San Diego, CA
San Diego region’s gun violence prevention efforts getting $4.2 million boost
The San Diego region just got a $4.2 million boost to expand gun violence prevention efforts through court orders designed to quickly get guns out of the hands of people who pose a threat.
The money from two state grants will go to outreach and education about civil court orders, including gun violence restraining orders, that require people who are alleged to be dangerous to turn over their firearms. The funding will also be used to create a task force to enforce those court orders.
San Diego is the most active user of gun violence restraining orders in the state. At a news conference Tuesday at the San Diego Police Department downtown, Attorney General Rob Bonta said the city has “truly been a model for how to use evidence-based, data-driven solutions that work that prevent firearm violence from happening in the first place.”
“It’s also been an exemplary policy and approach that others can learn from,” Bonta said.
Gun violence restraining orders, or GVROs, are judge-approved civil court orders intended for crisis intervention. They require a person to surrender or sell their firearms and bar the person from having guns or ammunition for the duration of the order, which can last up to five years.
Supporters of such orders hail them as a vital public safety measure to intervene in dangerous behavior. Critics disparage them as overreach and an affront to the Second Amendment.

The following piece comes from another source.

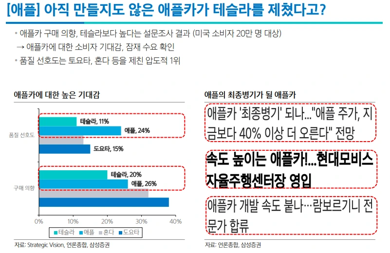 애플에 대한 기대감은 애플VR을 넘어 애플카로 이어지고 있습니다. 애플에서는 공식적으로 애플카를 언급한 바가 전혀 없습니다. 그래서 디자인도 품질도 성능도 어느 것 하나 알려진 바가 없습니다. 그러나 최근 한 설문조사 결과에 따르면 애플카에 품질 선호도가 테슬라와 도요타를 제쳤고, 구매 의향도 테슬라를 제쳤습니다. 대단한 애플의 브랜드 파워입니다.

City Attorney Mara Elliott has championed gun violence restraining orders, and her office said Tuesday it has obtained more of them than any other city in the nation. Law enforcement working with the San Diego City Attorney’s Office have seized more than 3,700 guns using the orders.
Elliott said the grant money “will lead to one of the most significant expansions of gun violence prevention work in California” since the state law creating them was passed, prompted by the 2014 mass shooting near UC Santa Barbara that killed six people.

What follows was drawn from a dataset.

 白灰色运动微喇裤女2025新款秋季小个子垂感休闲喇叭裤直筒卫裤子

Of the new funding coming to the region, $2 million from the state’s Judicial Council will go toward a new Firearms Relinquishment Task Force to enforce court orders intended to disarm people alleged to pose a threat. The task force met for the first time last week.
The remaining $2.2 million, from the California Department of Justice, will go toward law enforcement training and public education about gun violence restraining orders and other court orders designed to separate a person from firearms. That money will go to the San Diego City Attorney’s Office.
Tuesday’s announcement of increased funding comes little more than six weeks after the U.S. Supreme Court upheld the constitutionality of removing firearms from certain dangerous people such as domestic violence suspects, the City Attorney’s Office noted in a news release. It added that California is “doubling down” on using court orders to disarm people who pose a threat.
The state’s gun violence restraining order law went into effect in 2016. From then to the end of last year, two California counties account for 44 percent of all such orders — Santa Clara and San Diego, according to a report that Bonta’s Office of Gun Violence Protection issued in June.
San Diego County also had “by far the highest number” of gun violence restraining orders made into “permanent” orders, which can last up to five years, during that same eight-year stretch, the report stated — 35 percent of all the long-term orders in California were issued in San Diego.
Gun violence restraining orders are often obtained very quickly after an incident or threat. They start as temporary 21-day orders, followed by a court hearing for a judge to consider extending them.
Many of those do not turn into long-term orders, and it’s not uncommon for the temporary order to be dissolved. Sometimes deals are struck to handle cases through less restrictive means, and people can get their weapons back sooner.
California has nine types of court orders that can remove guns from people, including in cases alleging domestic violence, workplace violence or civil harassment. The report from Bonta’s office states that gun violence restraining orders accounted for 1 percent of the orders issued with firearm provisions in 2023.